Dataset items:

____

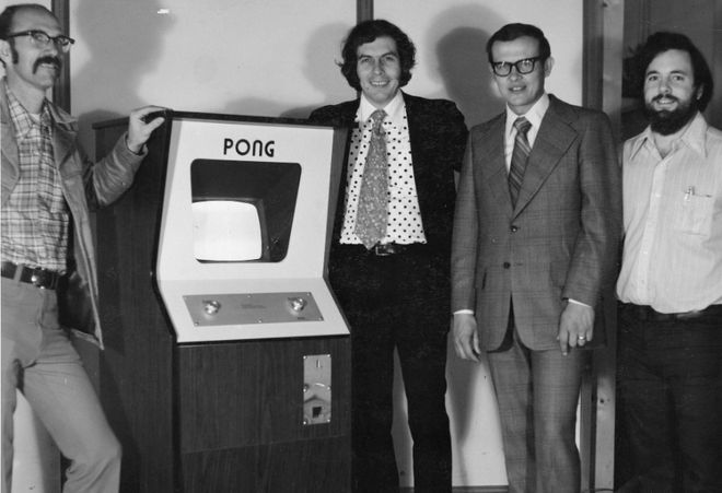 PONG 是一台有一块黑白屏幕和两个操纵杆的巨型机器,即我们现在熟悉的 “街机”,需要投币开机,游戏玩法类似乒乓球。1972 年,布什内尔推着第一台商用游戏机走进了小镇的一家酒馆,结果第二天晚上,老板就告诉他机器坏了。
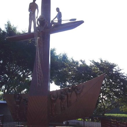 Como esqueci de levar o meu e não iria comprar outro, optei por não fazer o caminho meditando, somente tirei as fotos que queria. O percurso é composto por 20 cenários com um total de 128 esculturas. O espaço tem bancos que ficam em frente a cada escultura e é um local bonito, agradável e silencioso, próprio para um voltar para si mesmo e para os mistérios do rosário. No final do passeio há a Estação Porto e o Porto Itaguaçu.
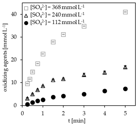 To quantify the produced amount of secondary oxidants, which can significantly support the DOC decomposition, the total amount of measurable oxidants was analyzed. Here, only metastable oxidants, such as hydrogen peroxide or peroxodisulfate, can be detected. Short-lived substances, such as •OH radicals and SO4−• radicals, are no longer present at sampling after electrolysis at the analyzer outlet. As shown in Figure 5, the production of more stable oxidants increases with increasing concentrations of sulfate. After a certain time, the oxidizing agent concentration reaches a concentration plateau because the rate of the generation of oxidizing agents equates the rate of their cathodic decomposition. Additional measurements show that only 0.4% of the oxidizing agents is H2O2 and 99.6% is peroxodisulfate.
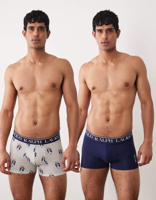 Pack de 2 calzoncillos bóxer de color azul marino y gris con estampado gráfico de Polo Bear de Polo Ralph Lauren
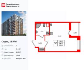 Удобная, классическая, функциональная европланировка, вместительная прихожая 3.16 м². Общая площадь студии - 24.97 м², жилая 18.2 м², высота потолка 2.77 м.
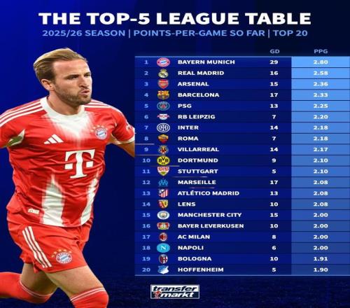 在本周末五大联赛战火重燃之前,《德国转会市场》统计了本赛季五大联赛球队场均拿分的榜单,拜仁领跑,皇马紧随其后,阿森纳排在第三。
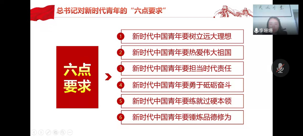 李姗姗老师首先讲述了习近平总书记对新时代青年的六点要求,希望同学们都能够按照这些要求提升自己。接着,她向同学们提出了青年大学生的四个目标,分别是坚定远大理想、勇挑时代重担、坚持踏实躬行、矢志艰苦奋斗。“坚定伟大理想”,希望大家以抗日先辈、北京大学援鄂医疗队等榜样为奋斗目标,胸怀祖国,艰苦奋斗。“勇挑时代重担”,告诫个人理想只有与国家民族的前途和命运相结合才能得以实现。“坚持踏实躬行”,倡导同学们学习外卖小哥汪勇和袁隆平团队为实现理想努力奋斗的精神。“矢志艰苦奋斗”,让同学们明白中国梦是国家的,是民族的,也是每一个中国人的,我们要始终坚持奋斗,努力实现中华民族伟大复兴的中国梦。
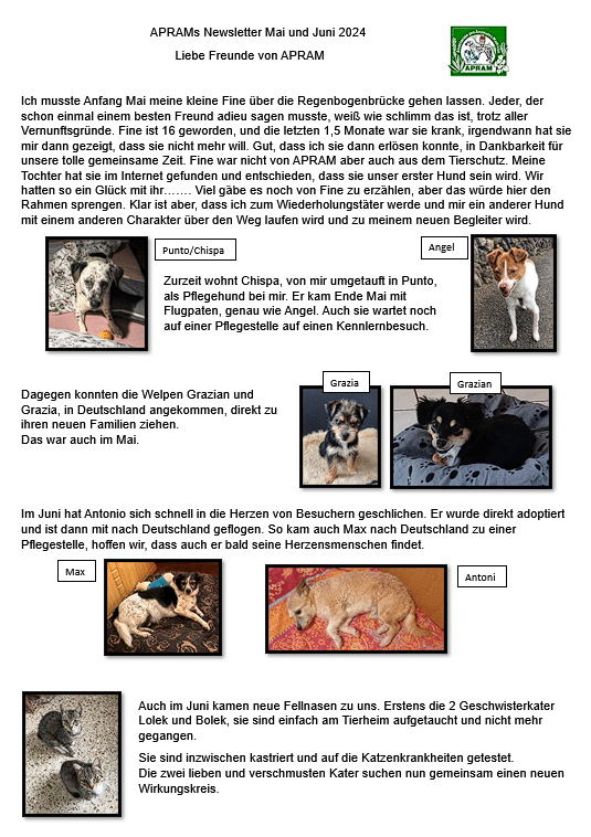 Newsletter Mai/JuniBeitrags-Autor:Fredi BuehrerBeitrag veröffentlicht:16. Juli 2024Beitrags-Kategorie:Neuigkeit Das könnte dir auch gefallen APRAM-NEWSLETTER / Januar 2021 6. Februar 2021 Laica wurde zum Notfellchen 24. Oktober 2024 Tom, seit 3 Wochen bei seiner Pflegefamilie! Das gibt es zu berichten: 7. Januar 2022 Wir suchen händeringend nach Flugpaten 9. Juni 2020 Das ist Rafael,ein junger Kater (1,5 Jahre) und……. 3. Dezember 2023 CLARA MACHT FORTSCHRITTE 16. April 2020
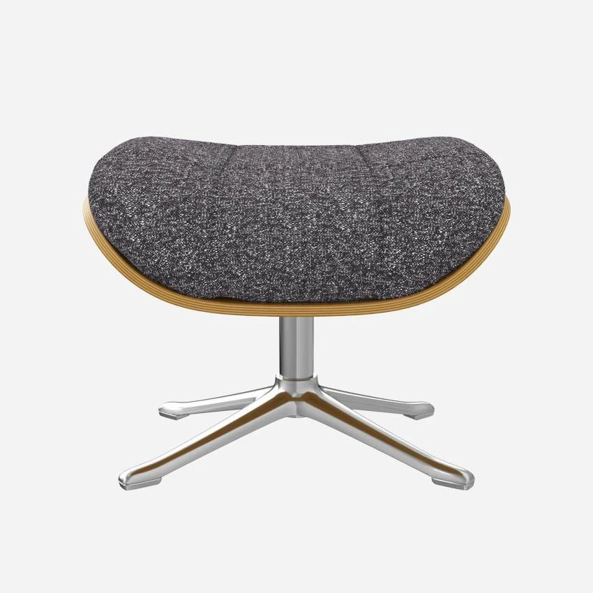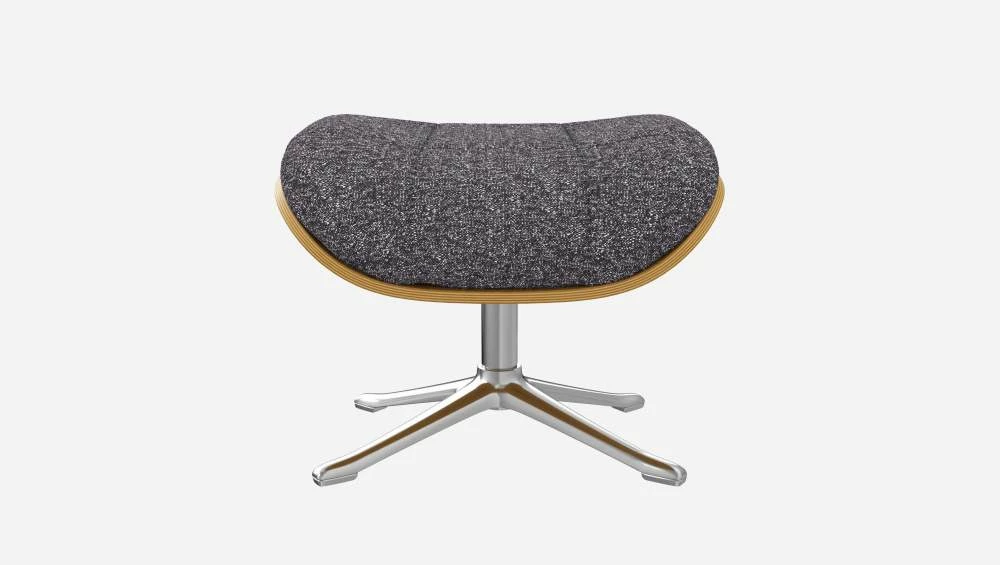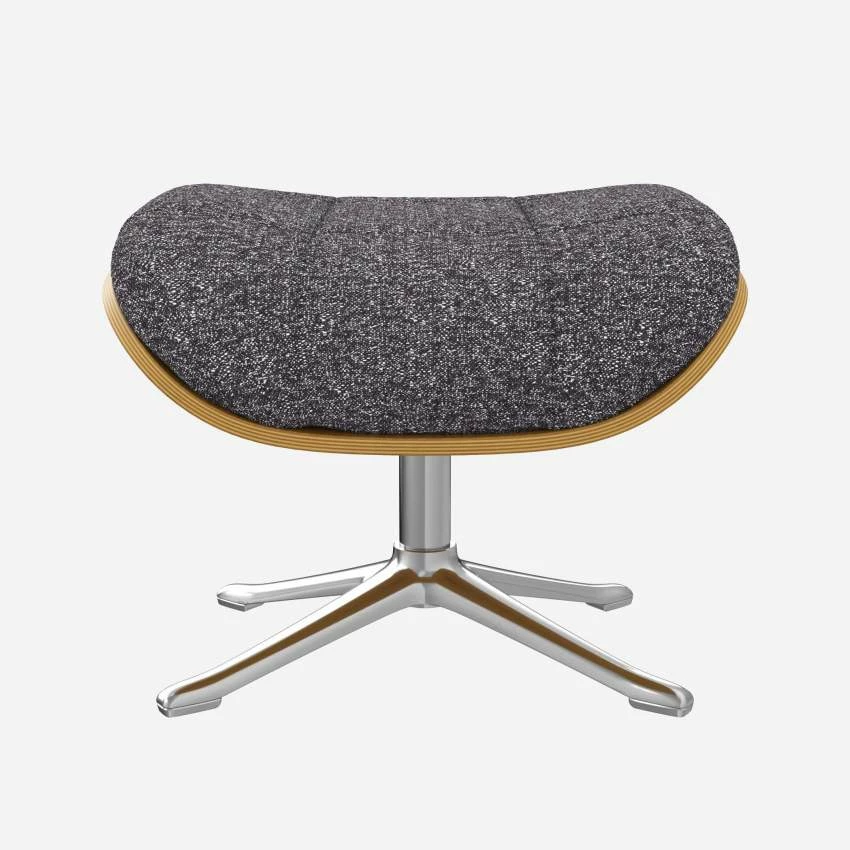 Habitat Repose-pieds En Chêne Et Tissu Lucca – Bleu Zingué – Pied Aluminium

____

Each entry should be set down exactly, pictures excluded.

 PONG 是一台有一块黑白屏幕和两个操纵杆的巨型机器,即我们现在熟悉的 “街机”,需要投币开机,游戏玩法类似乒乓球。1972 年,布什内尔推着第一台商用游戏机走进了小镇的一家酒馆,结果第二天晚上,老板就告诉他机器坏了。
 Como esqueci de levar o meu e não iria comprar outro, optei por não fazer o caminho meditando, somente tirei as fotos que queria. O percurso é composto por 20 cenários com um total de 128 esculturas. O espaço tem bancos que ficam em frente a cada escultura e é um local bonito, agradável e silencioso, próprio para um voltar para si mesmo e para os mistérios do rosário. No final do passeio há a Estação Porto e o Porto Itaguaçu.
 To quantify the produced amount of secondary oxidants, which can significantly support the DOC decomposition, the total amount of measurable oxidants was analyzed. Here, only metastable oxidants, such as hydrogen peroxide or peroxodisulfate, can be detected. Short-lived substances, such as •OH radicals and SO4−• radicals, are no longer present at sampling after electrolysis at the analyzer outlet. As shown in Figure 5, the production of more stable oxidants increases with increasing concentrations of sulfate. After a certain time, the oxidizing agent concentration reaches a concentration plateau because the rate of the generation of oxidizing agents equates the rate of their cathodic decomposition. Additional measurements show that only 0.4% of the oxidizing agents is H2O2 and 99.6% is peroxodisulfate.
 Pack de 2 calzoncillos bóxer de color azul marino y gris con estampado gráfico de Polo Bear de Polo Ralph Lauren
 Удобная, классическая, функциональная европланировка, вместительная прихожая 3.16 м². Общая площадь студии - 24.97 м², жилая 18.2 м², высота потолка 2.77 м.
 在本周末五大联赛战火重燃之前,《德国转会市场》统计了本赛季五大联赛球队场均拿分的榜单,拜仁领跑,皇马紧随其后,阿森纳排在第三。
 李姗姗老师首先讲述了习近平总书记对新时代青年的六点要求,希望同学们都能够按照这些要求提升自己。接着,她向同学们提出了青年大学生的四个目标,分别是坚定远大理想、勇挑时代重担、坚持踏实躬行、矢志艰苦奋斗。“坚定伟大理想”,希望大家以抗日先辈、北京大学援鄂医疗队等榜样为奋斗目标,胸怀祖国,艰苦奋斗。“勇挑时代重担”,告诫个人理想只有与国家民族的前途和命运相结合才能得以实现。“坚持踏实躬行”,倡导同学们学习外卖小哥汪勇和袁隆平团队为实现理想努力奋斗的精神。“矢志艰苦奋斗”,让同学们明白中国梦是国家的,是民族的,也是每一个中国人的,我们要始终坚持奋斗,努力实现中华民族伟大复兴的中国梦。
 Newsletter Mai/JuniBeitrags-Autor:Fredi BuehrerBeitrag veröffentlicht:16. Juli 2024Beitrags-Kategorie:Neuigkeit Das könnte dir auch gefallen APRAM-NEWSLETTER / Januar 2021 6. Februar 2021 Laica wurde zum Notfellchen 24. Oktober 2024 Tom, seit 3 Wochen bei seiner Pflegefamilie! Das gibt es zu berichten: 7. Januar 2022 Wir suchen händeringend nach Flugpaten 9. Juni 2020 Das ist Rafael,ein junger Kater (1,5 Jahre) und……. 3. Dezember 2023 CLARA MACHT FORTSCHRITTE 16. April 2020
 Habitat Repose-pieds En Chêne Et Tissu Lucca – Bleu Zingué – Pied Aluminium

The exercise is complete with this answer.